• **BRIEF**: Would you reproduce exactly the lines below from the one holding "할인 품목 : 자켓, 코트, 티셔츠 등" through the one holding "Setelah melaksanakan senam", inclusive, and no others?

• **DATASET EXCERPTS**:
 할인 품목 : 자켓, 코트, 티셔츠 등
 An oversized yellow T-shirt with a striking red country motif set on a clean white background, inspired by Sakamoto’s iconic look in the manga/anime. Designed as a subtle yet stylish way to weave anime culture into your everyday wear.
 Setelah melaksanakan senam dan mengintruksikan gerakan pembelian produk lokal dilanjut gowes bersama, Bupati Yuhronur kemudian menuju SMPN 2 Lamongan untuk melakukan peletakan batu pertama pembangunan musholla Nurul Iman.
--
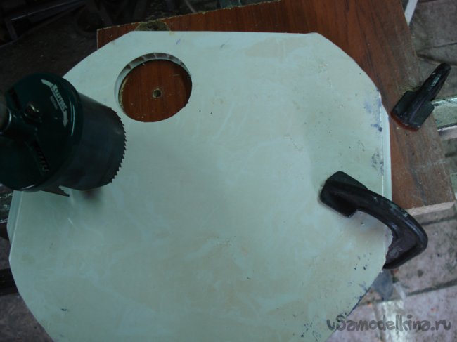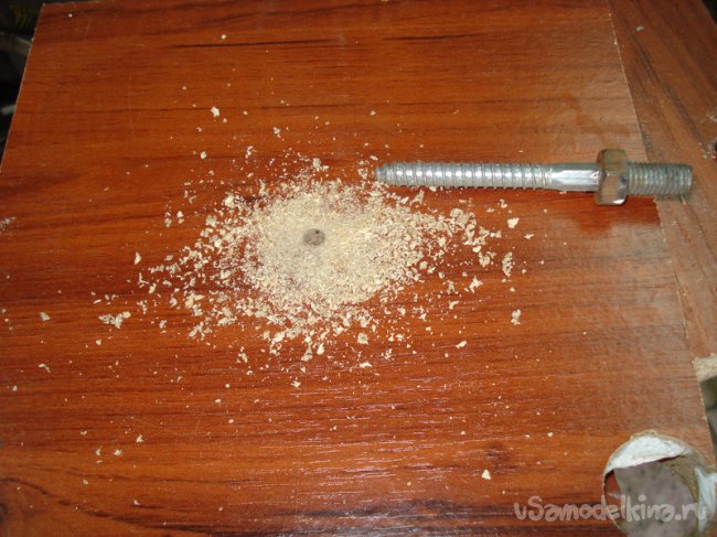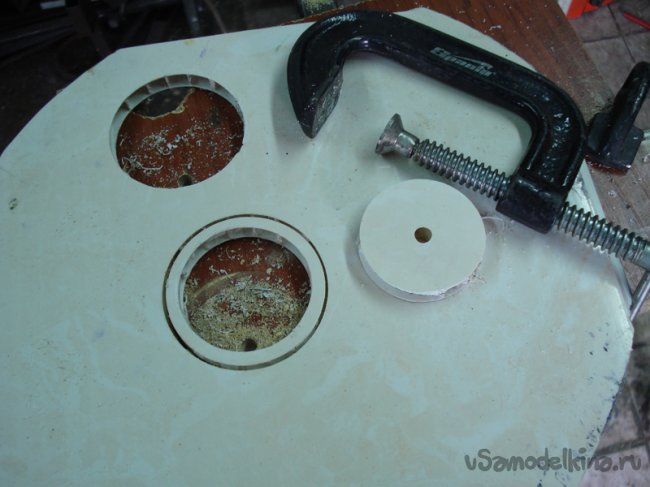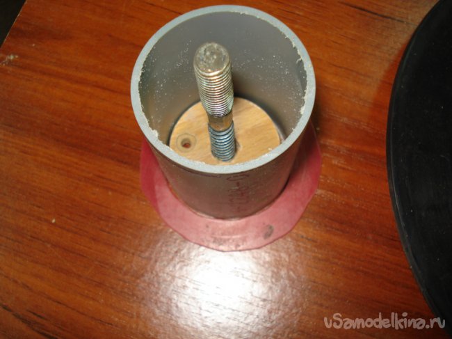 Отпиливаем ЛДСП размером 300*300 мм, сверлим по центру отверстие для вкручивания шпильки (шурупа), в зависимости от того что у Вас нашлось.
==
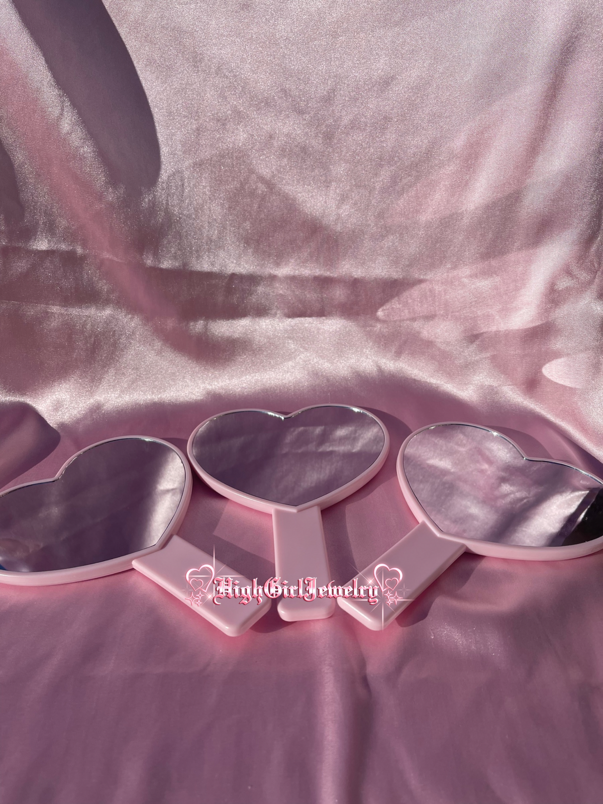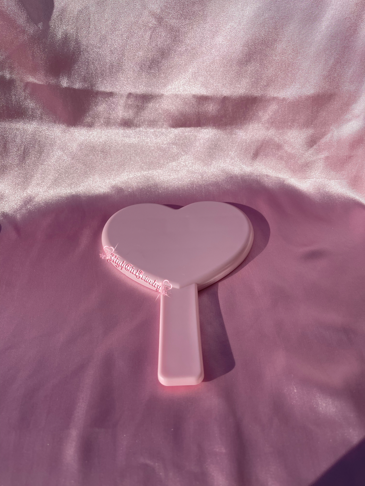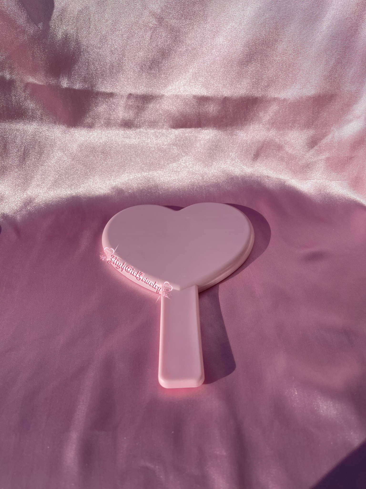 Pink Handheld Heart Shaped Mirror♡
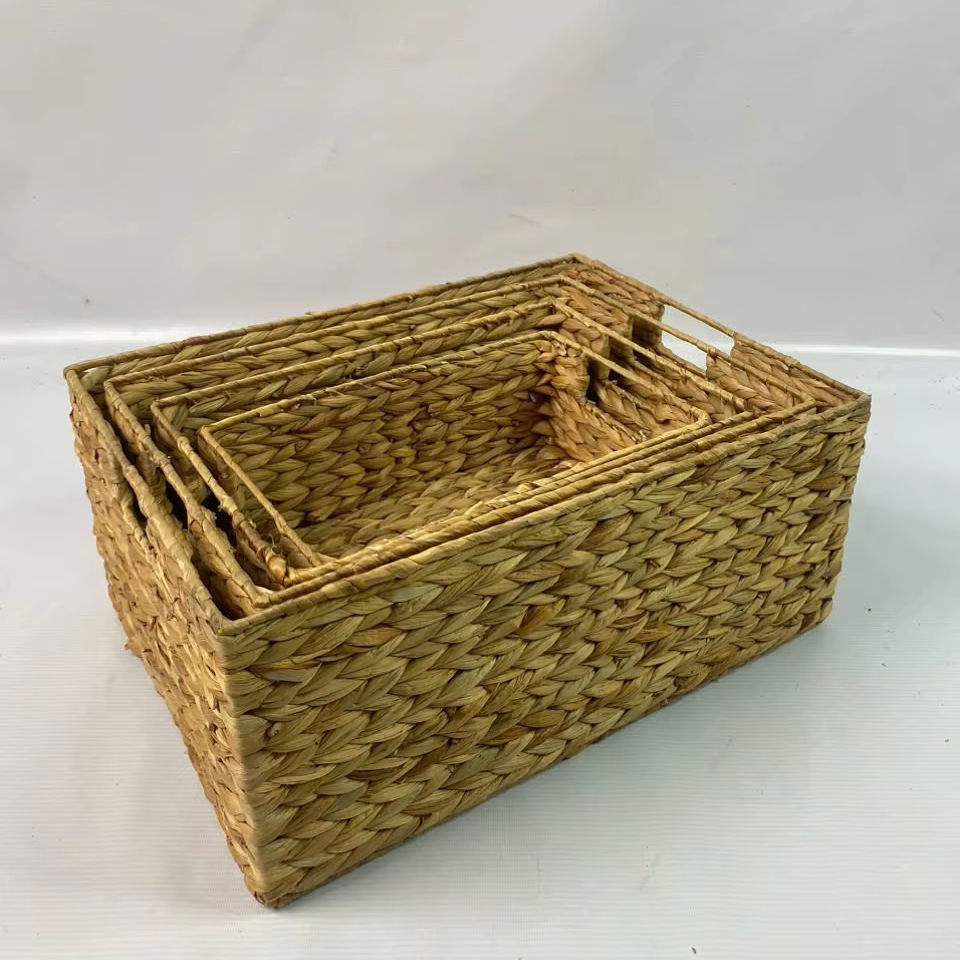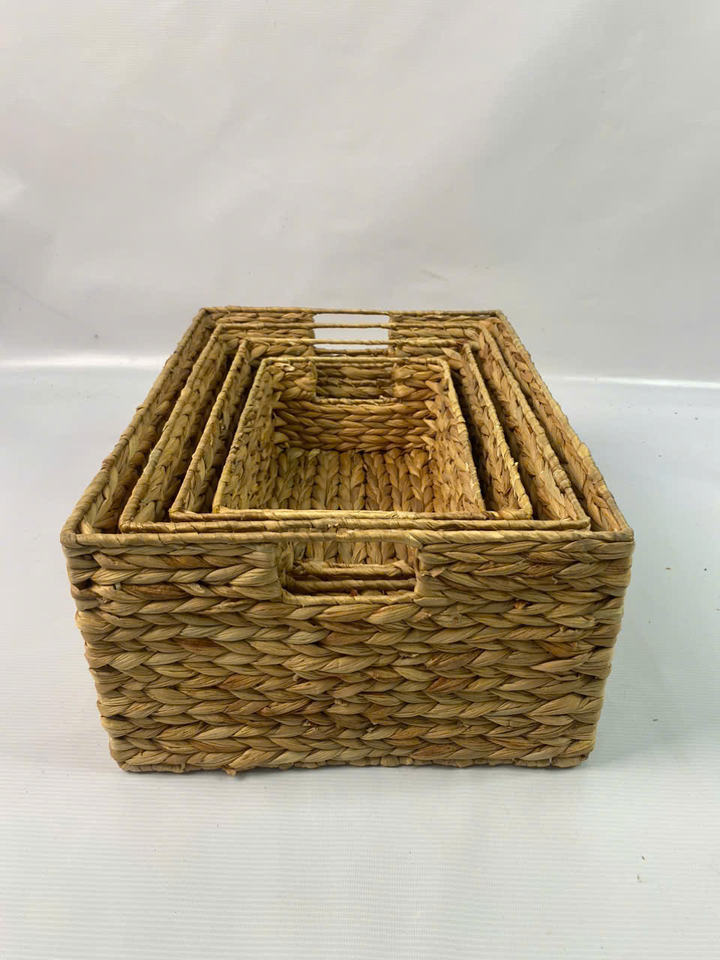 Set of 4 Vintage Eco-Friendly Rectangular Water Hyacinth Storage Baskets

• **RESULT OF THE TASK**:
 할인 품목 : 자켓, 코트, 티셔츠 등
 An oversized yellow T-shirt with a striking red country motif set on a clean white background, inspired by Sakamoto’s iconic look in the manga/anime. Designed as a subtle yet stylish way to weave anime culture into your everyday wear.
 Setelah melaksanakan senam dan mengintruksikan gerakan pembelian produk lokal dilanjut gowes bersama, Bupati Yuhronur kemudian menuju SMPN 2 Lamongan untuk melakukan peletakan batu pertama pembangunan musholla Nurul Iman.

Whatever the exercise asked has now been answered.